The metallic Al contained in the metallic Al-containing material causes a thermite reaction between the iron oxide in the steelmaking slag at the time of firing, and the metal iron and / or iron oxide-containing powder added as necessary. High-temperature firing at a low fire degree (about 600 to 1200 ° C.) is realized by the reaction. Further, Al 2 _O 3 produced from metal Al during _firing, the Al ₂ O ₃ which further contained originally in the metal Al-containing material becomes a component of the low melting point compounds described above, the strength of the sintered body as part of the binder Contributes to expression.

The metal iron and / or iron oxide-containing powder may be one in which the powder consists only of metal iron and / or iron oxide. Examples of the metal iron and / or iron oxide-containing powder include sintered ore powder (sintered ore powder such as return ore generated in the iron ore sintering process), iron ore powder, mill scale, and steel pickling line recovered powder. (So-called Rusner iron oxide, etc.), refined dust generated in the steel manufacturing process, blast furnace dust, and the like, and one or more of these can be used. The refining dust generated in the steel manufacturing process includes refining dust generated in the hot metal pretreatment process, refining dust (converter OG dust) generated in the converter decarburization process, and the like. These refining dusts are collected by collecting dust from the exhaust gas generated in the refining process.
What is necessary is just to mix | blend the said metal iron and / or iron oxide containing powder as needed, when the amount of iron oxide is insufficient only with the iron oxide contained in steelmaking slag. As described above, iron oxide undergoes a thermite reaction with metal Al during firing, and high-temperature firing at a low fire degree (about 600 to 1200 ° C.) is realized by the exothermic reaction at this time. Moreover, metallic iron generates heat by being oxidized by oxygen in the firing atmosphere, and this also contributes to high-temperature firing.

The clay is blended as necessary as a shape-retaining agent when the raw material mixture is molded (for example, press molding using a mold). Moreover, SiO ₂ contained in the clay also serves as a source of SiO ₂ for the low melting point compound produced during firing.
An SiO ₂ source other than the clay is also blended as necessary. Examples of the SiO ₂ source include silica fume and fly ash, and one or more of these can be used. This SiO ₂ source is a constituent component of a low-melting-point compound generated during firing. Further, this SiO ₂ source also has an effect of improving the formability when forming the raw material mixture.

When the molded body of the raw material mixture is fired, (b) there is a thermite reaction between the metal Al of the metal Al-containing material and the iron oxide in the steelmaking slag, and further the metal iron and / or iron oxide-containing powder. High temperature firing is realized even at a low fire degree (about 600 to 1200 ° C.) by an exothermic reaction, and a fired body that is properly solidified is obtained. (B) Since high temperature firing is realized by the thermite reaction, firing As the body becomes denser, the iron content dissolves (melts) and solidifies, contributing to the strength development of the fired body. (C) Generated from the Ca content contained in the steelmaking slag and the metal Al containing metal Al A low-melting-point compound is produced by the reaction of Al ₂ O ₃ contained in Al ₂ O ₃ or steelmaking slag and SiO ₂ contained in steelmaking slag or clay, and this is used as a bonding material (bond) in the fired body. Contributes to strength development (d) Iron oxide is dissolved (decomposed) by high-temperature firing by thermite reaction to generate gas (oxygen), resulting in coarse bubbles (pores), etc. Air, water, CO ₂ or CO emissions, and evaporation of low-boiling compounds at high temperatures may cause pores). can get.
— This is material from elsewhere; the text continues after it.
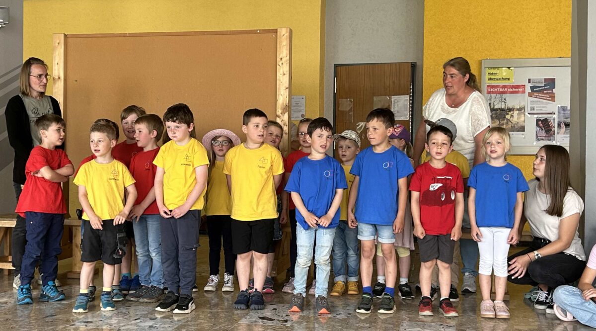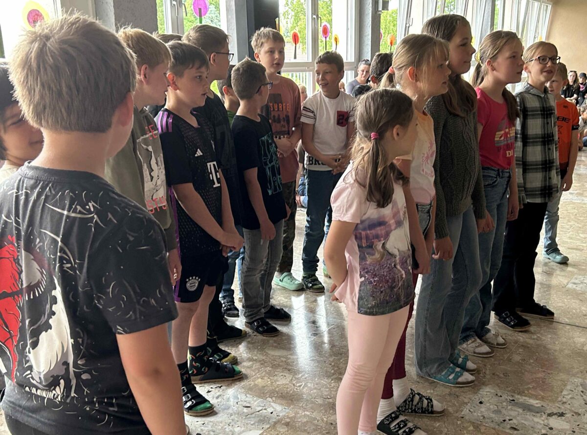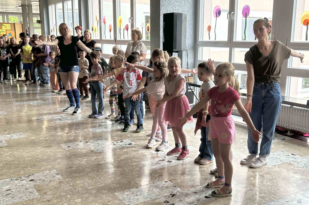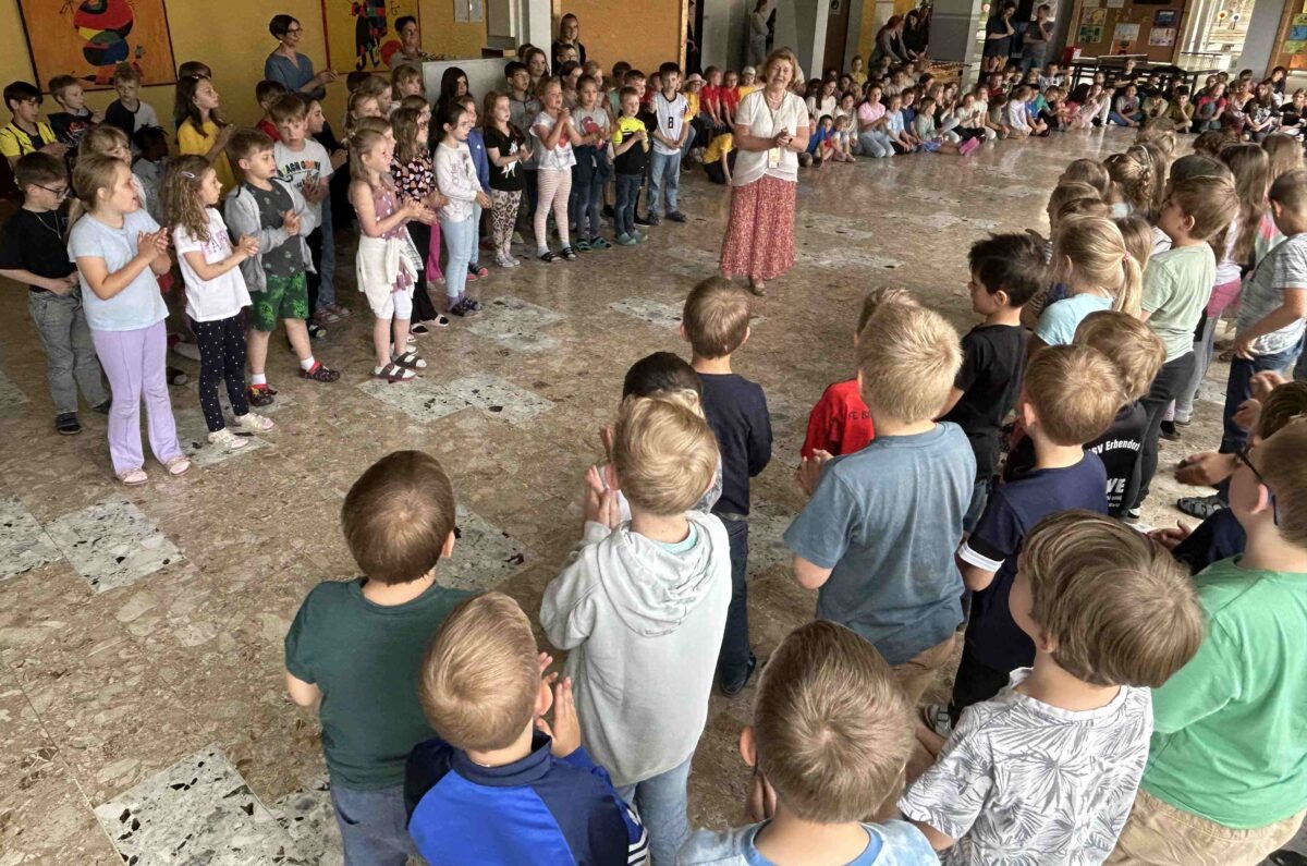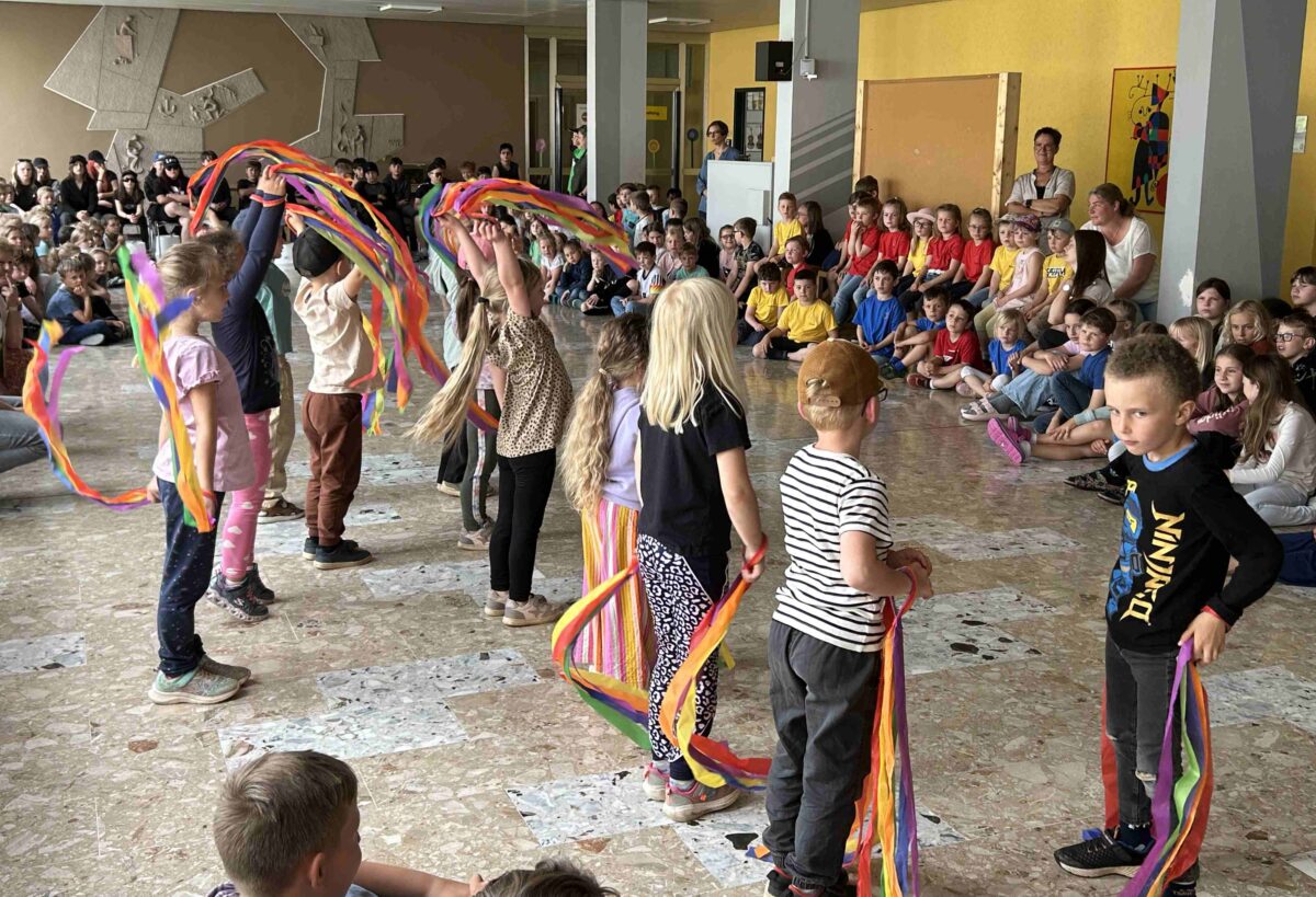 Zu der Melodie „Ein Männlein steht im Walde“ sangen die kommenden Erstklässler des katholischen Kindergartens „St. Elisabeth“ ein amüsantes Lied über die Schule und zauberten vielen Schülerinnen und Schülern dabei ein Lächeln ins Gesicht. Begeistert machten alle Anwesenden mit, als die Kinder der städtischen Kindertagesstätte „Kunterbunt“ zum gemeinsamen Tanz zu flotter Popmusik aufforderten. Ein Lied über die Besonderheiten der vier Jahreszeiten gestalteten anschließend die vier FleGS-Klassen: „Ich lieb den Frühling“.

  Due to these effects, the resulting dressing device of the present invention has excellent overall strength and moderate roughness on the surface. For this reason, it is hard to produce a breakage | damage, and since it has moderate surface roughness, its adhesiveness to a base | substrate is high, and it is hard to drop | omit from a base | substrate. In particular, in the case of the setting tool A shown in FIG. 1, the fixing leg and the base part thereof are hardly damaged, and the fixing leg is not easily dropped from the mounting hole on the base side. Therefore, it can prevent appropriately that the instrument itself and its main-body part fall off from a base | substrate. In addition, since the raw materials are inexpensive and can be fired at a low fire temperature, the fuel cost can be reduced and the production can be performed at a low cost. Furthermore, it has excellent surface adhesion and excellent bioadhesiveness and growth due to the minute amount of minerals eluted from the raw material slag component.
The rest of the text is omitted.